Protocol naar internet

Gebruik de pijlen omhoog en omlaag in het invoerveld om een internetprotocol te selecteren. Het geselecteerde protocol bepaalt welke versie van IP-adressen de HMC gebruikt voor verbindingen met de serviceprovider.

De waarde die u hier selecteert moet het internetprotocol aangeven dat tijdens de installatie is gebruikt. De meeste installaties gebruiken voor toegang tot internet Internet Protocol Versie 4, waarbij adressen bestaan uit de vier bytes van het IPv4-adres die van elkaar worden gescheiden door een punt (bijvoorbeeld: 9.60.12.123). Als u niet zeker weet elk internetprotocol door uw installatie wordt gebruikt, neemt u contact op met de netwerkbeheerder.

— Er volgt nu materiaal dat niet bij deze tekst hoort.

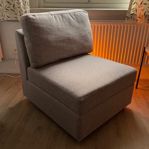 Myynnissä hyväkuntoinen tummanharmaa nojatuoli. Ostettu Jyskistä. Nojatuolin saa myös levitettyä makuuasentoon.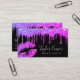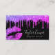 This gorgeous makeup artist business card design features faux purple glitter lips & dripping glitter, black background and elegant calligraphy font.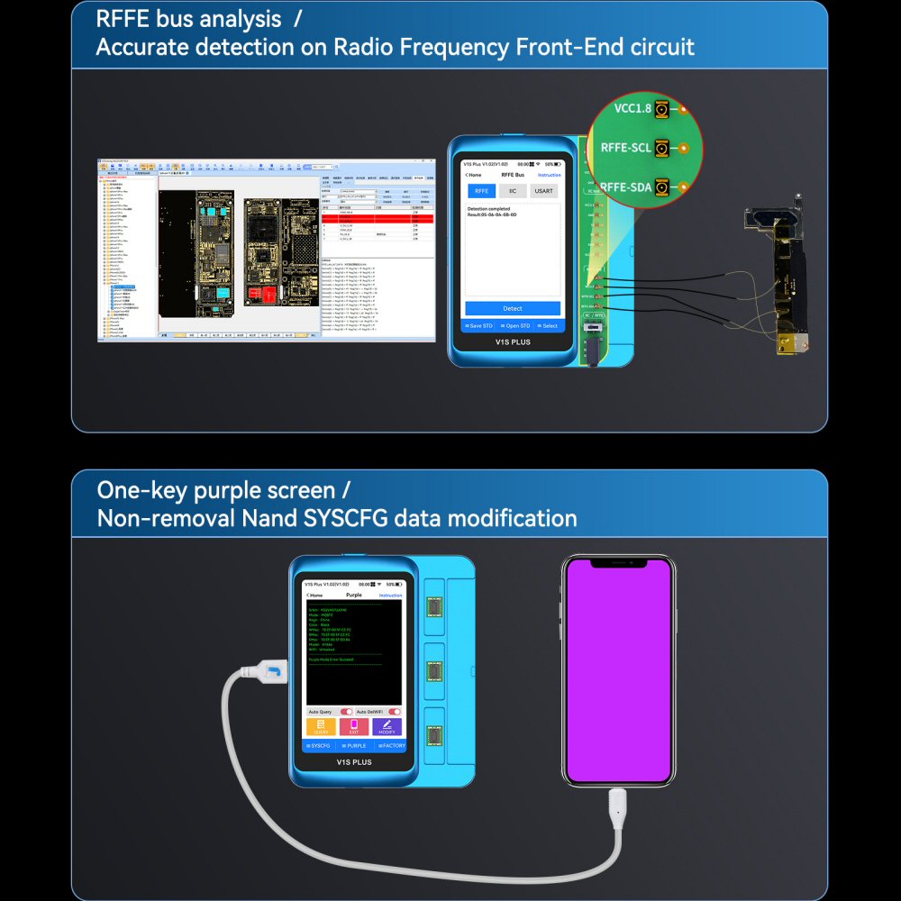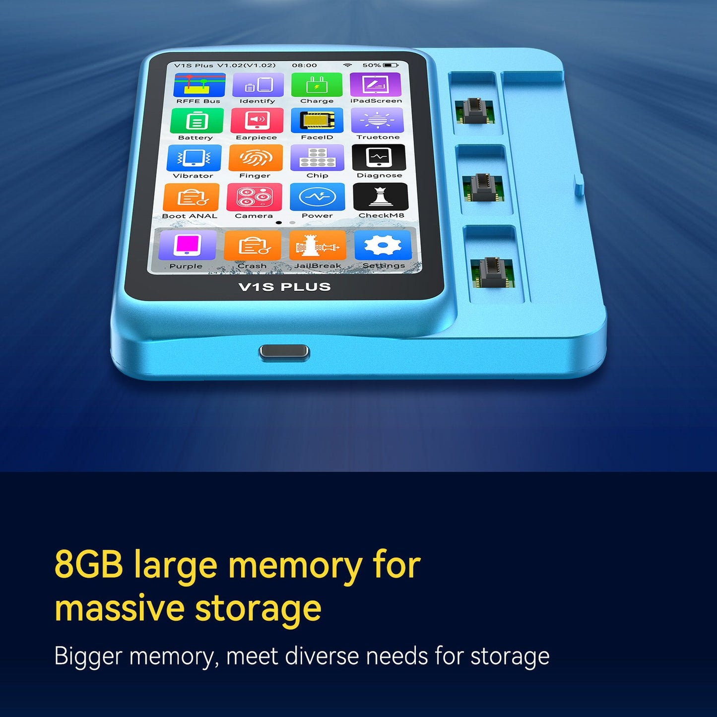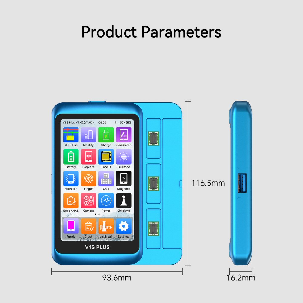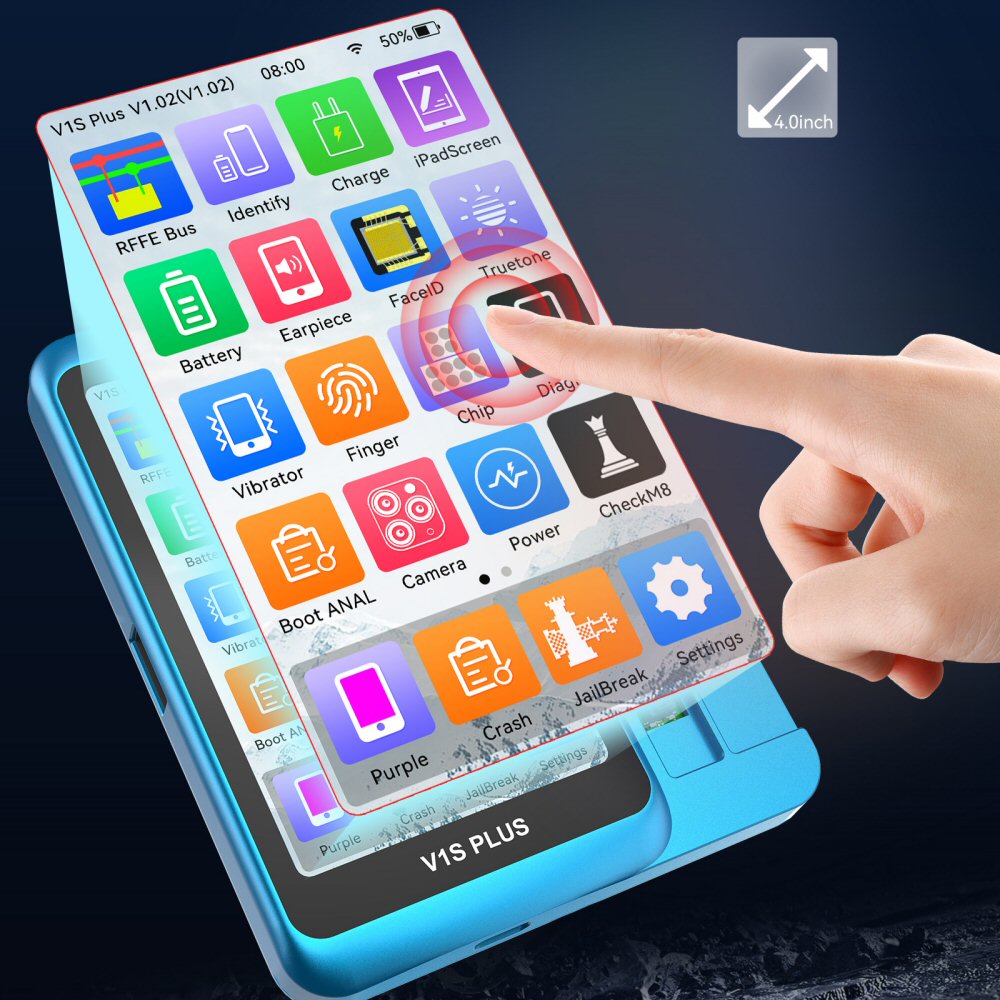Die JCID V1S Plus Master Edition ist ein hochmodernes Diagnose- und Reparaturtool auf Chipebene für professionelle Techniker, die schnelle, präzise und vielseitige Funktionen benötigen. Dank der Unterstützung für Chip-Lesen, -Schreiben und -Analyse eignet sich dieses Gerät perfekt für die True-Tone-Wiederherstellung, die Reparatur von Lichtsensoren, die Diagnose von Batteriefehlern und die SYSCFG-Datenverwaltung.

Opmerking: Als er een SSL-proxy wordt gebruikt voor toegang tot internet, moet het hier geselecteerde protocol het internetprotocol zijn dat de SSL-proxy gebruikt voor verbinding met internet. Dit kan afwijken van het protocol dat de HMC gebruikt voor verbinding met de SSL-proxy.
IPv4
Alle Internet Protocol versie 4. Dit is de standaardinstelling.
IPv6
Alle Internet Protocol versie 6.
IPv6 en IPv4
De Hardware Management Console probeert eerst een verbinding te maken met de serviceprovider met Internet Protocol versie 6. Als dit mislukt, probeert de HMC het met Internet Protocol versie 4. Deze selectie biedt redundantie voor het geval dat er tijdelijke problemen zijn met een versie van IP-adressen.